OpenAI Model Helps Diagnose 18 Rare Diseases in Children

New diagnoses for unsolved cases

Researchers at Boston Children's Hospital have used OpenAI's o3 model to diagnose 18 children with rare diseases whose genetic causes had remained unknown despite previous analysis. The findings, published Thursday in NEJM AI, demonstrate how commercially available AI tools can help clinicians identify disease-causing genetic variants in complex cases.

The research team from the hospital's Manton Center for Orphan Disease Research analyzed genomes from 376 patients who lacked diagnoses across four disease categories. The AI system identified new diagnoses for 10 patients with rare neurodevelopmental diseases, four with neuromuscular disorders, two who had died suddenly, and two with early childhood psychosis.

"It got almost 5% new diagnoses, which doesn't sound like a lot," said Catherine Brownstein, scientific director of the genetic investigations arm at the Manton Center. "But considering how many times these had already been analyzed, that's a huge number, and each one means an answer for a family."

How the system works

The research team provided the o3 model with clinical notes, symptom descriptions, and a filtered list of potentially relevant genes for each case. Human researchers then reviewed all AI outputs before making final diagnoses.

The challenge in genetic diagnosis stems from the complexity of the human genome, which contains roughly 20,000 protein-coding genes. While sequencing a full genome is now routine, connecting specific genetic abnormalities to diseases requires synthesizing scattered research findings that may have been published after a patient's initial evaluation.

"A researcher can only spend so much time on a single case," said Suyash Shringarpure, a technical researcher at OpenAI focused on health applications. "Maybe a case remained unsolved when it came to them first, but a year later a paper was published that clarifies the link between the gene and the disease."

Real impact for patients

Kyra Benton received one of the breakthrough diagnoses. After developing mobility problems at age nine and facing years of worsening health including severe heart issues and a tracheotomy at 13, she had resigned herself to never knowing her diagnosis. Last summer, just before her 20th birthday, researchers informed her that the AI analysis had identified myofibrillar myopathy, a progressive genetic neuromuscular disorder.

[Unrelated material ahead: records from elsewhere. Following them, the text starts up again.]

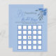 Elegante caligrafía Script Algo Blue Bridal Shower Tema Boda Bingo Divertido juego con flores acuarelas. Por el otro lado, se pueden tomar copas de champán con un ramo.
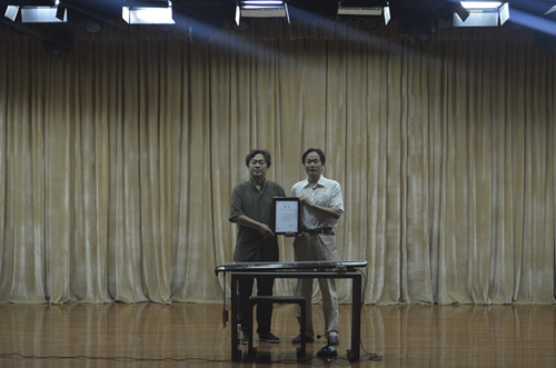 讲座在我校副院长陈江风的致辞中拉开序幕,他说道“李先生走的是一条既守传统,又开阔未来的生生不息的好路”。伴随着热烈的掌声,李一凡先生走上了舞台,做了简单的自我介绍,并接过了陈校长颁发特聘教授证书。讲座开始后,李一凡先生在古琴边侃侃而谈,向现场观众简要介绍了古琴的历史由来之后,便高弹一曲《高山流水》,现场观众屏息凝神,被优美动听的旋律深深地触动,观众呼吸的频率随着音律的快慢而变化,音乐声止,现场响起了热烈的掌声。李先生向同学们普及了许多关于古琴的知识,并详细讲述了古琴的发展史,并且通过讲述电视剧电影里的曲子牢牢吸引了全场同学的注意力。不仅如此,还详细介绍了古琴的结构,让我们通过古琴感受到文人的情怀,通过音乐与古人进行交流,与此同时,他也为同学们讲了广陵绝响的故事,让同学们对《广陵散》这首曲子有了更深刻的了解;紧接着,低吟的梅花三弄的故事让同学们对这首曲子有了一定的了解,同学们带着深思聆听《梅花三弄》。最后伴随着《阳关三叠》的优美旋律,在高雅的文化氛围中,此次活动圆满结束。
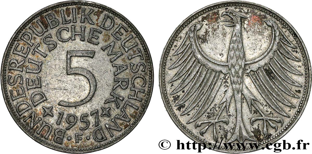Titulature avers : BUNDESREPUPLIK DEUTSCHLAND // DEUTSCHE MARK // 5 / 1957 / F.
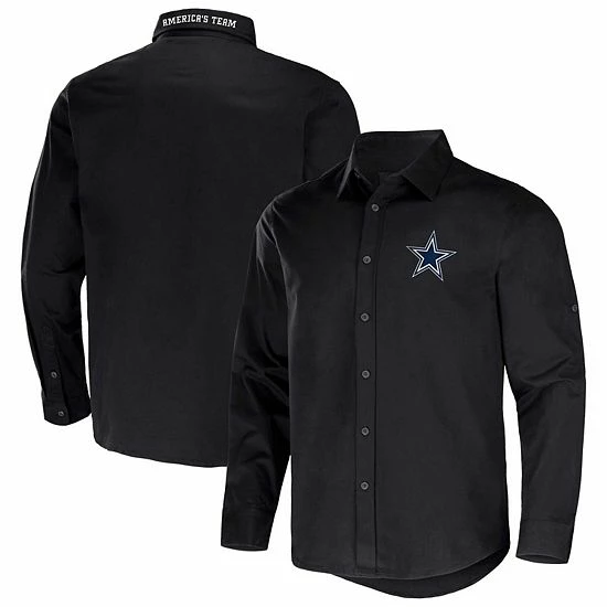 Add an exciting piece of Dallas Cowboys apparel to your rotation with this Convertible Twill button-up shirt from NFL x Darius Rucker Collection by Fanatics. Whether you choose to wear it as a long sleeve top or button up the sleeves, you’ll be representing the the Dallas Cowboys in style. The team’s logo on the chest and their iconic catchphrase across the back of the collar will help get you pumped up for game day.
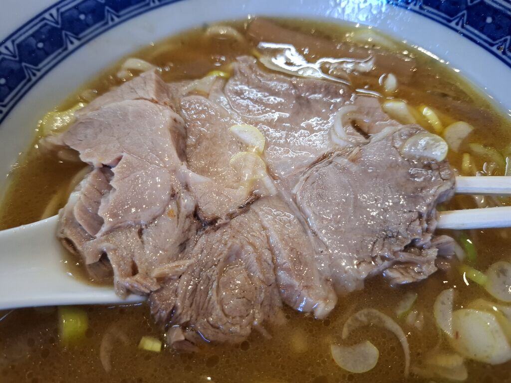 ステーキのような厚みで乗せられたチャーシューは店主が触っても崩れませんが、箸で持ち上げるとホロホロとなる😮ホエ
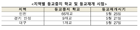 | 교육부-인천교육청, 5월 25일 등교수업 재개 결정 (1) | 2020.05.22 |
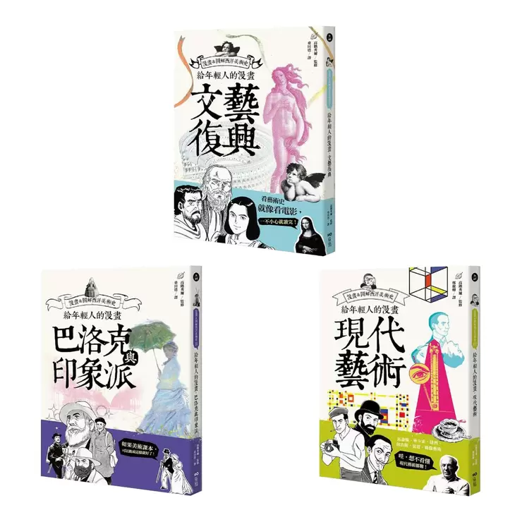 本套書組合:《給年輕人的漫畫文藝復興:漫畫&圖解西洋美術史I》、《給年輕人的漫畫巴洛克與印象派:漫畫&圖解西洋美術史Ⅱ》、《給年輕人的漫畫現代藝術:漫畫&圖解西洋美術史Ⅲ》共三冊

The study also revealed seven "rediscoveries" — cases where treatment teams in one location had identified a diagnosis but hadn't shared it with the broader research community. Brownstein emphasized these findings remain valuable for ensuring patients can access new treatments as they become available.

Why it matters

The research demonstrates that off-the-shelf AI systems can augment scarce specialist expertise in rare disease diagnosis. With the Manton Center working with over 3,500 individuals globally affected by rare diseases, and a chronic shortage of geneticists to analyze complex genomic data, AI tools that can process vast amounts of research literature offer a practical way to accelerate diagnoses. Each diagnosis not only provides families with answers but also positions patients to benefit from emerging therapies. The approach could help address significant backlogs of unsolved cases at medical centers nationwide.

The researchers cautioned that large language model results require rigorous human review and that diagnosis is only an early step toward treatment. The tools are designed to assist clinicians, not replace them or be used directly by consumers.

These details were first reported by NBC News.